*Data to process:*
>>
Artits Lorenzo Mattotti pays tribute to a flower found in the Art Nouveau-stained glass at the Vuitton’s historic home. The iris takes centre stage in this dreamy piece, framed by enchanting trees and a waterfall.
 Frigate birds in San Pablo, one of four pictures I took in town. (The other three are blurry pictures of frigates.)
<<
>>
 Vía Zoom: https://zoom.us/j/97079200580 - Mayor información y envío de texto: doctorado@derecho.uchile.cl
<<
*Directions for this task:*
Leave out every line above except those from the line with "Artits Lorenzo Mattotti" up to and including the line with "Frigate birds in", and copy those exactly.

*Task solution:*
Artits Lorenzo Mattotti pays tribute to a flower found in the Art Nouveau-stained glass at the Vuitton’s historic home. The iris takes centre stage in this dreamy piece, framed by enchanting trees and a waterfall.
 Frigate birds in San Pablo, one of four pictures I took in town. (The other three are blurry pictures of frigates.)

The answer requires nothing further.